Incest, filicide, mariticide, and all other sorts of parricide and scheming — and yet this novel is the opposite of riveting. To be honest, I’m not sure if I, Claudius can rightly be called a novel at all. It’s a bare bones rendering of events, dry as a 19th century history textbook.

Which is a great pity because there is plenty of good story material in there. What it needs though is dramatization. It needs someone like George R. R. Martin to rewrite the whole thing, to add flesh to those bare bones, and to make the reader care for all those suckers being poisoned, smothered, and starved to death by their next of kin. Graves doesn’t manage it. All he manages is a thorough and detailed information dump, with no emotions or character development. There is an advice commonly given to aspiring writers: do your research but don’t bother your readers with it. Clearly no one pointed it out to Robert Graves.

Of course it could be that the book has simply aged badly. After all, I, Claudius is almost a century old. That what readers in the thirties found captivating, might not necessarily satisfy contemporary tastes.

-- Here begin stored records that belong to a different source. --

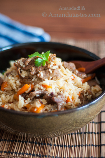 (2-3人份)原料:肥瘦相间的羊肉400g,胡萝卜2根约300g,中型洋葱半个,大米一杯半约225g,孜然粉一小勺,料酒一大勺,葡萄干一把约30g,盐适量,开水约350ml
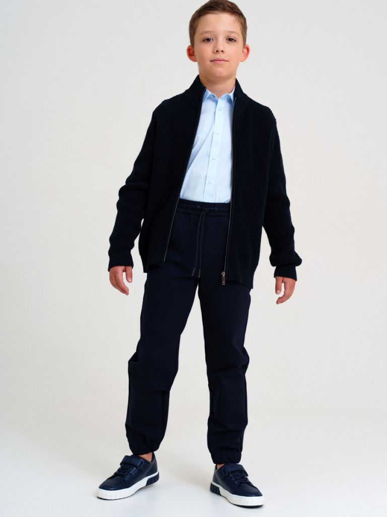 Школьные трикотажные синие брюки джоггеры для мальчика подростка от PlayToday — идеальный выбор для учебных будней. Модель сочетает в себе строгий внешний вид и комфорт спортивных стильных брюк. В таких классических подростковых штанах удобно весь день — на уроках, переменах и прогулках.
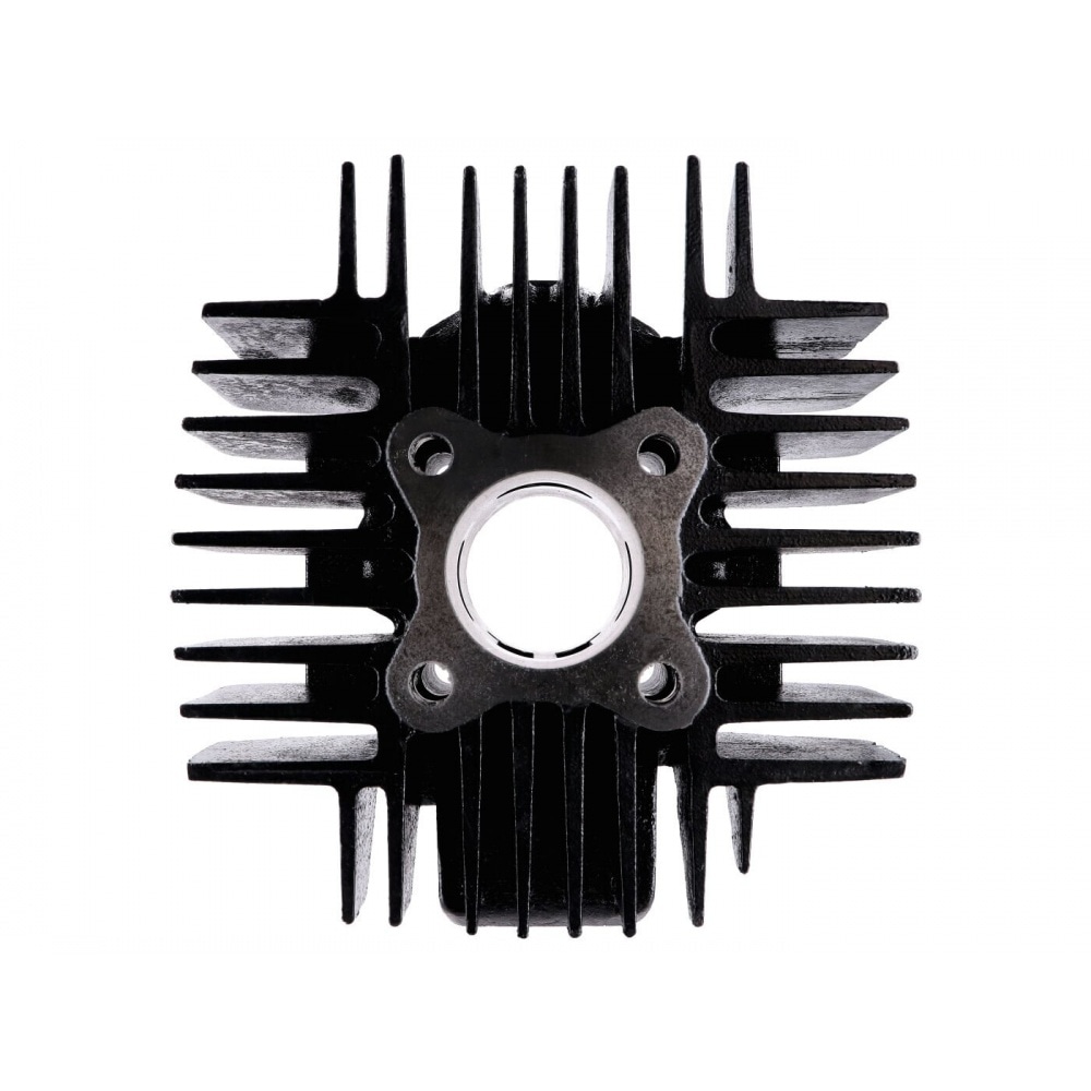 Cast iron cylinder with slanted outlet, including piston and accessories, suitable for Tomos A35, Sprint, Quadro, FunSport, Classic and many other Tomos models. This is a black painted OEM quality cylinder in very good quality without performance increase.
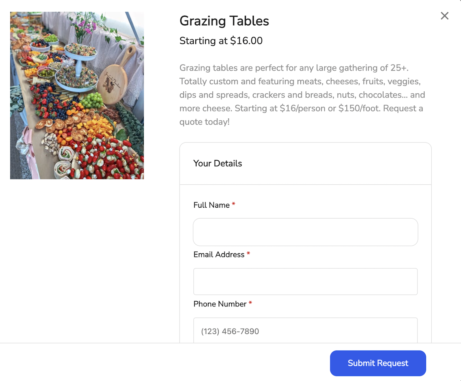 So what exactly should be in a charcuterie board order form? We often see our owners capture the following information at minimum:
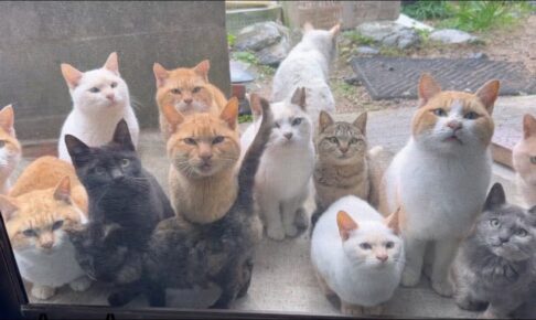 猫島の猫さんたちのごはん待ちのワクワク顔が窓の外に並んでいます
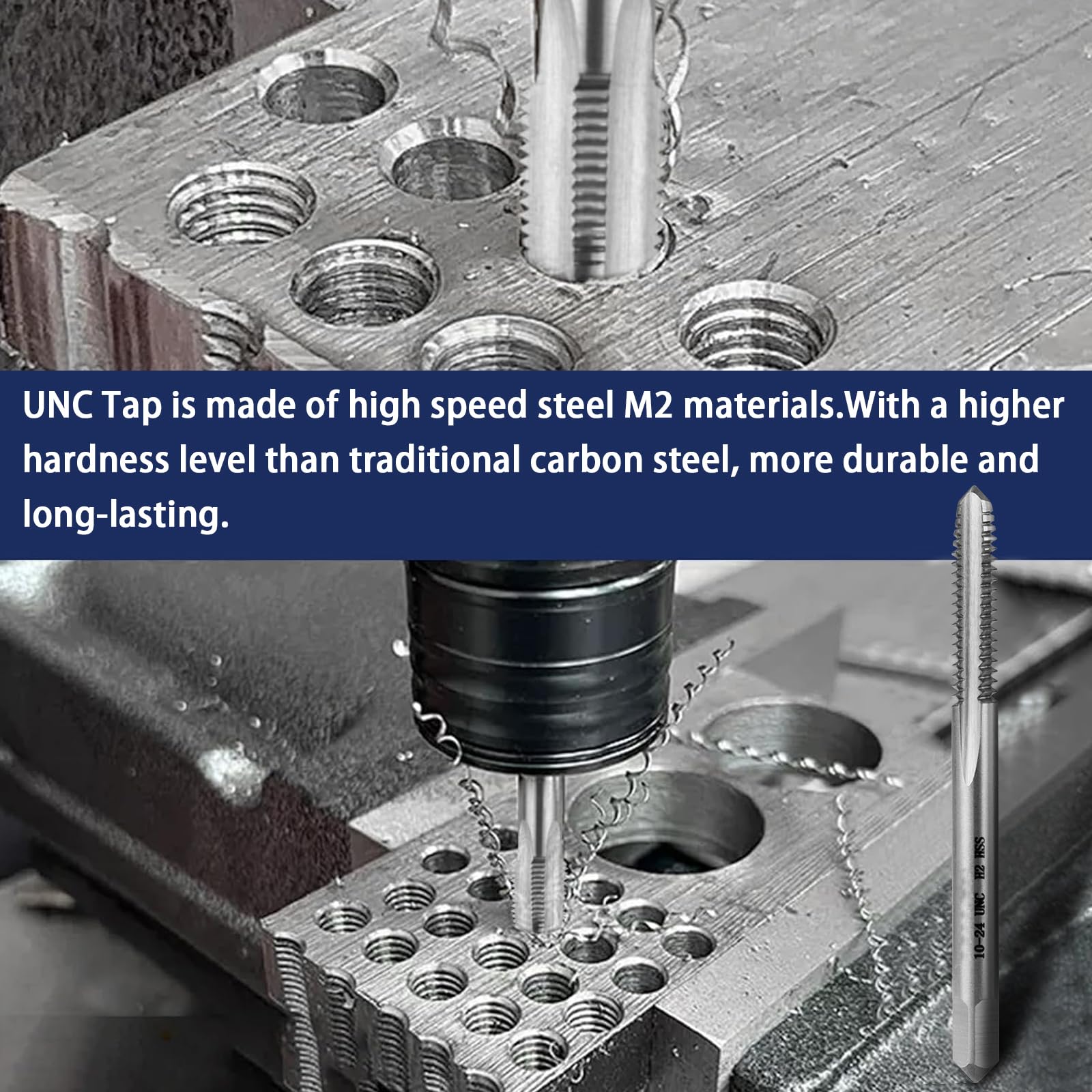 - Durable Materials — UNC Thread Tap is made of high-quality high-speed steel M2 materials.With a higher hardness level than traditional carbon steel, this pipe taps are more durable and long-lasting.
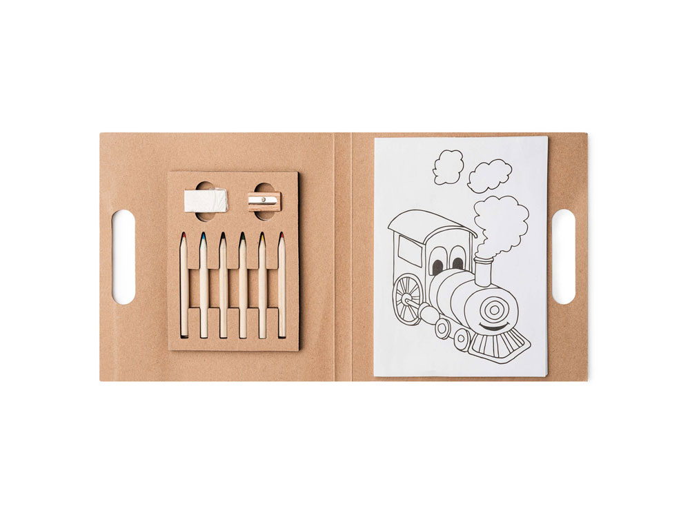 Детский набор для рисования. В комплекте блокнот для рисования, 6 цветных карандашей, точилка и ластик.
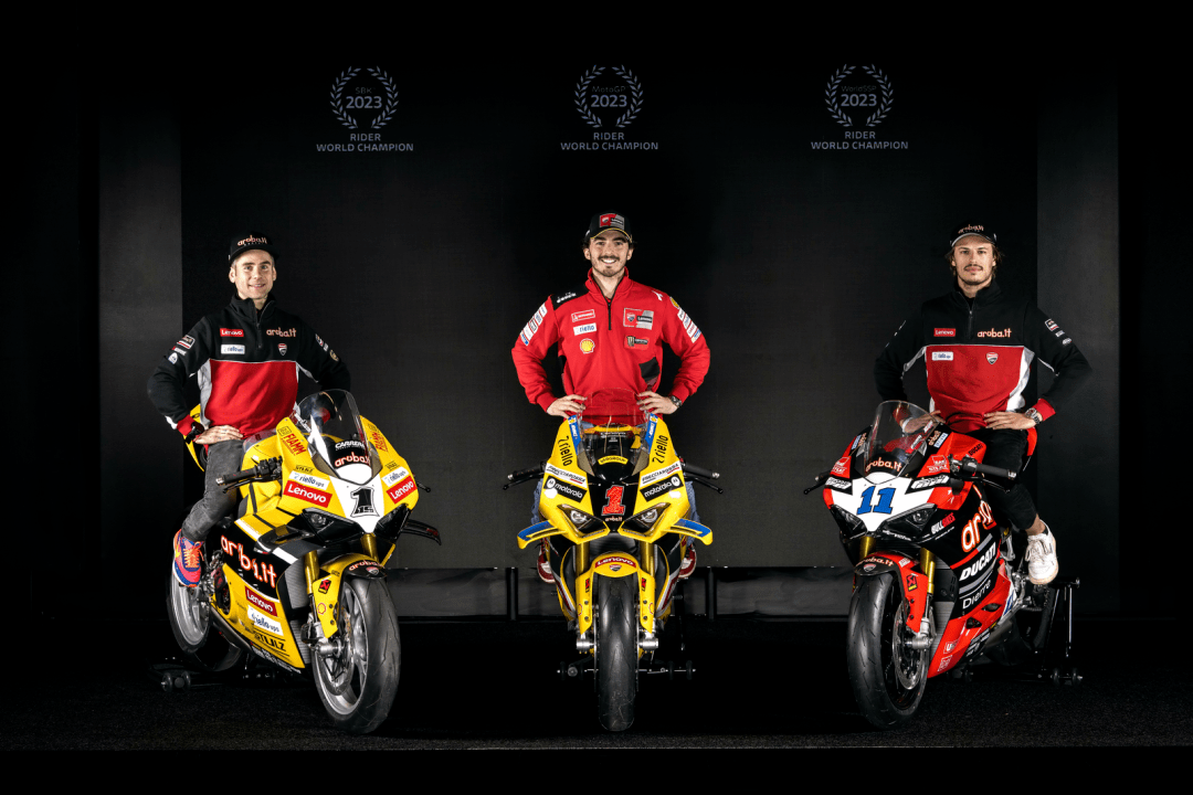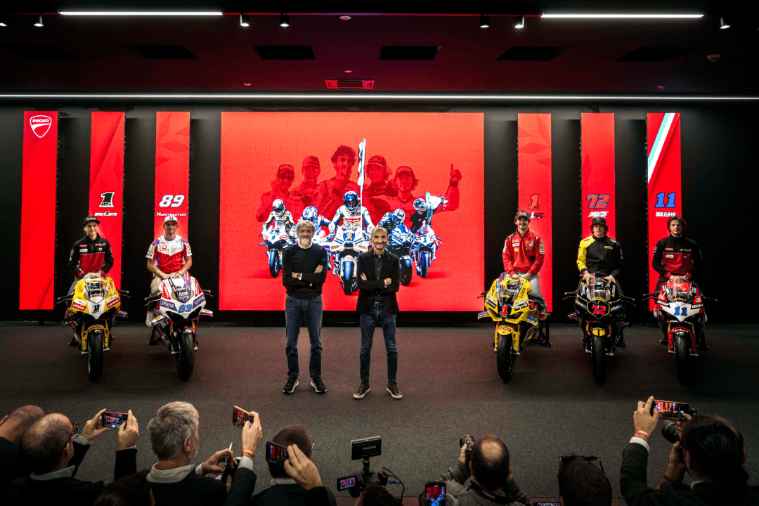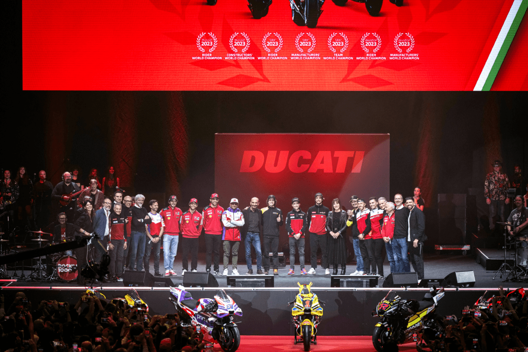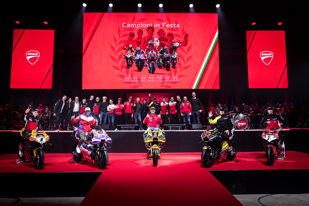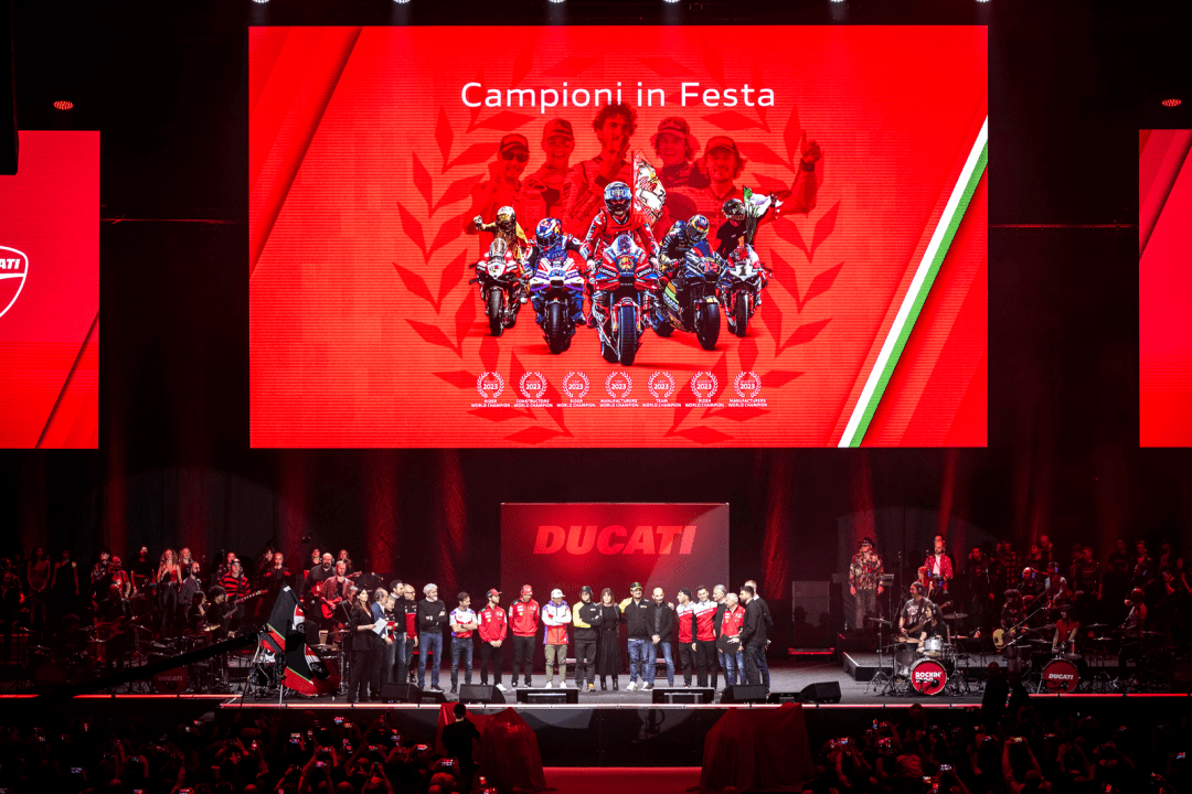 十二月 15 日,意大利博洛尼亞 Unipol Arena 競(jìng)技場(chǎng),Ducati 杜卡迪舉辦了名為 Campioni in Festa 的晚會(huì),以慶祝他們?cè)?2023 賽季獲得了大豐收 —— 在 2023 賽季,杜卡迪歷史性地同時(shí)拿下了 FIM GP 世界錦標(biāo)賽(FIM Grand Prix World Championship,也就是 MotoGP)最高級(jí)別 MotoGP、FIM 超級(jí)跑車世界錦標(biāo)賽(FIM Superbike World Championship,也就是 WorldSBK)最高級(jí)別 WSB 兩項(xiàng)世界大賽的三料世界冠軍(車手、制造商、車隊(duì)年度積分總冠軍),以及歷史性地首次奪得 WorldSBK 的 WorldSSP(WSSP600)級(jí)別雙料世界冠軍(車手世界冠軍、制造商世界冠軍)。
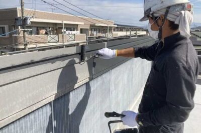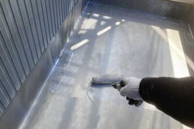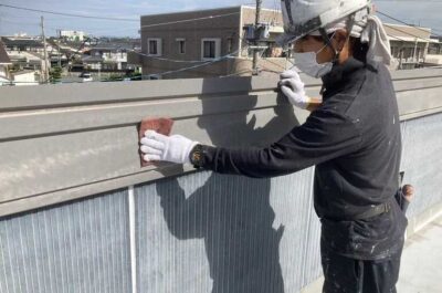 防水部分の下塗りを行います。
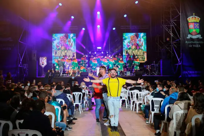 Conexión total este viernes del público sureño con los grupos artísticos invitados al Encuentro de Murgas y Chirigotas organizado por el Ayuntamiento de Yaiza con motivo de la celebración del Carnaval de la localidad turística de Playa Blanca, donde actuaron las murgas lanzaroteñas ‘Las Vacilonas’ y ‘Los Simplones’, la murga de la isla hermana de Fuerteventura, ‘Los Gambusinos’, que acaba de ganar en el Carnaval de Las Palmas de Gran Canaria, y las chirigotas ‘Los Lilones’ y ‘No aguanto más, vamos de impacientes’, segundo puesto en el Carnaval de Cádiz de 2020, cartel de lujo que redondeó un espectáculo con nota sobresaliente.

Personally, I find that if your novel requires a whole volume of introduction (which I, Claudius is — a long, long preface to Claudius the God), then there is something seriously wrong with your story structure. Please excuse my presumption, but had I been the editor who read Graves’ manuscript, I would have crossed out some eighty percent of the text and advised the author to develop the remaining twenty into a more compelling narrative.